# Feeding Questions



## karaim (Aug 28, 2008)

I have a blue hippo tang and a trigger. They are both new and eating frozen food well. I was just inquiring into additional feeding options.

I bought a mix of frozen food (kirll, shrimp, veggies, peas...all cut into different color cubes). My LFS told me the Tang would like the greener cubes more (because they have more veggies). My questions are as follows:

(1) What else should I feed the tang (I also have sea veggies)? What about the trigger (I just feed him the frozen food)? I know that a variety of food must be provided.

(2) The food I have is vitamin enriched. Should I buy vitamins separately or the vitamins in the food are sufficient?

(3) Should I dip the food in garlic formula sometimes? If so how often?

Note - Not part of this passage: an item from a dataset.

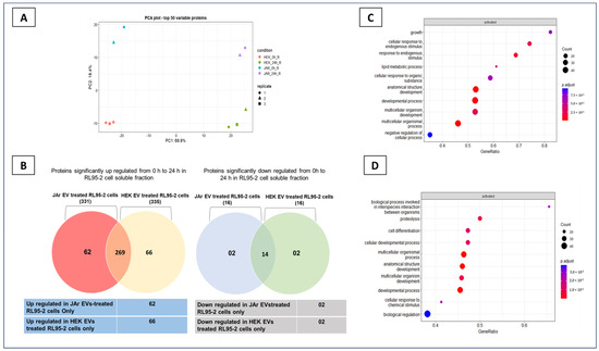 Figure 1. The secretory proteomic profiles of the RL952 cells responding to JAr EVs were distinguishable from RL95-2 cells treated with HEK EVs after 24 h of treatment. (A) Variation in the protein expression profiles of secretory components of RL 95-2 cells after treatment with JAr and HEK EVs at 0 h and 24 h. Two principal components of the first 50 variable proteins are shown. JAr EV-treated RL95-2 secretory protein profile at 0 h; JAR_0h_R, JAr EV-treated RL 95-2 secretory protein profile at 24 h; JAR_24h_R, HEK EV-treated RL 95-2 secretory protein profile at 0 h; HEK_0h_R, HEK EV-treated RL 95-2 secretory protein profile at 24 h; HEK_24h_R. (B) Venn diagram of proteins identified in RL95-2 cell-conditioned media significantly changed from 0 h to 24 h in response to JAr and HEK cell-derived EVs (proteins with fold change log2 > 1, FDR < 0.05 were considered upregulated proteins from 0 h to 24 h, and proteins with fold change log2 < −1, FDR < 0.05 were considered downregulated proteins). Up- and downregulated proteins from 0 h to 24 h in JAr and HEK EV-treated groups were determined separately, and common and unique protein changes in each treatment group are shown in the Venn diagram. (C) Gene set enrichment analysis of all proteins significantly altered in the JAr EV-treated RL95-2 cell secretome from 0 h to 24 h. (D) Gene set enrichment analysis of all the proteins significantly altered in the HEK 293 EV-treated RL95-2 cell secretome from 0 h to 24 h.
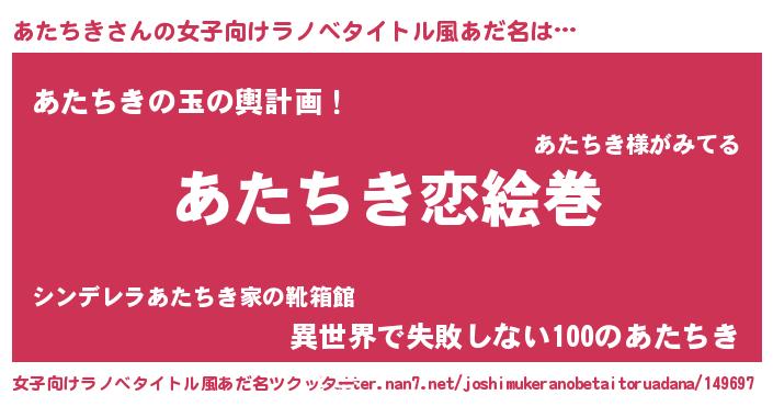 | 男性向けラノベタイトル風あだ名 | 『おまえをオタクにしてやるから、俺をあたちきにしてくれ! 』 |

(4) Should I clip lettuce or something else to the side of the tank for the Tang to graze on? I've read that lettuce may increase phosphates. Is that true?

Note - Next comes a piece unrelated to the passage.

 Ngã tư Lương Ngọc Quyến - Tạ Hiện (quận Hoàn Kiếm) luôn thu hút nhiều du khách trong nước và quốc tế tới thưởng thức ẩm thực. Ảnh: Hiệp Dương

(5) Can I feed the tang and trigger regular flake or pellet food? I have those but I don't use them.

(6) Can I feed the trigger live *freshwatter *feeder fish? If not, what kind of live food can I provide? I've read that Triggers must be fed live food with hard shells in order to help sharpen the trigger's teeth. What kind of food would that be?

(7) I bought some dried seaweed from a Chinese store. Can I feed this to the Tang, or do I need to buy some kind of special seaweed?

(8 ) And most importantly, how OFTEN should I feed them? I've heard that Tang's like to graze on food throughout the day.

Thanks.


----------



## iamntbatman (Jan 3, 2008)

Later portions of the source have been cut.